A desired outcome is a statement that describes a specific metric of success, expressed from the customer’s perspective, when they are executing a job to be done. It is:

  • Solution-free: It does not reference any product, feature, or technology.
  • Stable over time: It does not change when new solutions enter the market.
  • Measurable: It can be rated on importance and satisfaction scales.
  • Actionable: It provides a clear target for product development.

Every desired outcome follows the standard format described in our Outcome Statements Guide:

Direction of improvement + Performance metric + Object of control

Example: “Minimize the time it takes to identify the correct adhesive for the substrate combination.”

This statement describes what the customer wants to achieve — not how. It remains valid whether the solution is a selection guide, an app, a color-coded labeling system, or an AI-powered recommendation engine. The desired outcome is stable; the solution space is infinite.

How Desired Outcomes Differ from Other “Customer Need” Concepts

The business world has no shortage of terms for what customers want: needs, wants, requirements, pain points, user stories, feature requests, voice of the customer. Most of these terms are used loosely, and the looseness is expensive. Here is how desired outcomes differ from each.
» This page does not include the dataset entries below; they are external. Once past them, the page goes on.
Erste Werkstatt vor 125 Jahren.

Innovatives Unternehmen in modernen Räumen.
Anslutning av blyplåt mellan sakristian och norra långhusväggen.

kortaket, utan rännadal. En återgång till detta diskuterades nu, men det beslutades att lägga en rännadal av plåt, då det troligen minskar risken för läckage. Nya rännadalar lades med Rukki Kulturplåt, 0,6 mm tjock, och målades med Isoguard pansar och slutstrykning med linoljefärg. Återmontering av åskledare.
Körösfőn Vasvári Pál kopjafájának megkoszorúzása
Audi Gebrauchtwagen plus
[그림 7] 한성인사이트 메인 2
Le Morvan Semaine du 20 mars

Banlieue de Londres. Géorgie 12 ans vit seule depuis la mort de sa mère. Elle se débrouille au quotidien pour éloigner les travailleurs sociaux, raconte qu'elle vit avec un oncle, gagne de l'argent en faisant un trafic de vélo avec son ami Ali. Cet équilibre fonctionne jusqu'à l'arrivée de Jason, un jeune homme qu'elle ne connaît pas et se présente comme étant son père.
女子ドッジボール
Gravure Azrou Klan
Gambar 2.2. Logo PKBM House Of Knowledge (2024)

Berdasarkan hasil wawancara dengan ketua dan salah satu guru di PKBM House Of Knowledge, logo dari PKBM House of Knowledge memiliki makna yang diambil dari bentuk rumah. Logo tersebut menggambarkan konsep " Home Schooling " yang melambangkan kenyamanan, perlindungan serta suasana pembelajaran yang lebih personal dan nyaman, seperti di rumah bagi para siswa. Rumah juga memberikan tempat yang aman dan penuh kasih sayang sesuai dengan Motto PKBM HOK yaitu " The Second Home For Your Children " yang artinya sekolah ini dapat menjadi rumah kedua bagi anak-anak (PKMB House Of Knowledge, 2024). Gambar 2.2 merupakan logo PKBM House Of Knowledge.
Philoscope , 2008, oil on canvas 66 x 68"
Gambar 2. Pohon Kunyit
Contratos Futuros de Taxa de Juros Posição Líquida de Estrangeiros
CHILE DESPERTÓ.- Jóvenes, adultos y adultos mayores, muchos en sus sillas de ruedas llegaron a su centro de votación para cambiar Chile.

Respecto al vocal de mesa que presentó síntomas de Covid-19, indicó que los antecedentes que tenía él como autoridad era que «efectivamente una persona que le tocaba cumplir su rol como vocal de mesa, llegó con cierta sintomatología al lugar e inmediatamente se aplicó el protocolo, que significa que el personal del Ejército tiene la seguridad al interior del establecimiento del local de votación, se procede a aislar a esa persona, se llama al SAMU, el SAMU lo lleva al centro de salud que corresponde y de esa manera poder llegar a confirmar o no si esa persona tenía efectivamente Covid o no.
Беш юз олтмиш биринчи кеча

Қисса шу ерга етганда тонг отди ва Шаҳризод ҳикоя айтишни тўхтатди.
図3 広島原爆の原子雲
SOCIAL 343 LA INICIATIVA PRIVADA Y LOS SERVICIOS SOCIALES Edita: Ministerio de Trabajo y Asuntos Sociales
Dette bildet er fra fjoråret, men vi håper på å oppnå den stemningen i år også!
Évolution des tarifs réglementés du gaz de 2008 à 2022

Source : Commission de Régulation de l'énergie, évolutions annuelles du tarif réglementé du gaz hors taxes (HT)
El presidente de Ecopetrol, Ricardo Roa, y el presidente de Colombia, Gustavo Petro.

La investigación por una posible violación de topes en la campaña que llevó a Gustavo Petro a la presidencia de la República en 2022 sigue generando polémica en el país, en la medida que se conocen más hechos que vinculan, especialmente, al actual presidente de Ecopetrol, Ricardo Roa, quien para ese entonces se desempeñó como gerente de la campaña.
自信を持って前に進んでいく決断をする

Desired Outcomes vs. Needs

“Customer needs” is the vaguest term in product management. It can mean anything from “they need faster delivery” (a solution) to “they need to feel confident” (an emotional state) to “they need 5G connectivity” (a technology specification).

Desired outcomes are a specific, disciplined subset of needs. They are functional performance metrics stated in a standard format. When someone says “customer needs” in a meeting, the statement could mean 10 different things. When someone says “desired outcome #47 has an opportunity score of 15.0,” it means exactly one thing.

Desired Outcomes vs. Wants

“Wants” are usually solution statements disguised as needs. “I want a bigger screen” is a want. The desired outcome behind it might be: “Minimize the time it takes to locate specific data on the display during operation.” By capturing the outcome instead of the want, you preserve the freedom to address the need with any solution — a bigger screen, a better information hierarchy, a search function, or a contextual filter.

Desired Outcomes vs. Requirements

Product requirements specify what a solution must do: “The device shall weigh less than 2 kg.” Requirements are solution-dependent — they assume a specific product form. Desired outcomes are solution-independent: “Minimize the physical effort required to transport the device between work sites.” Requirements are derived from desired outcomes, not the other way around. When a product manager writes a requirement without understanding the underlying outcome, they risk specifying the wrong solution.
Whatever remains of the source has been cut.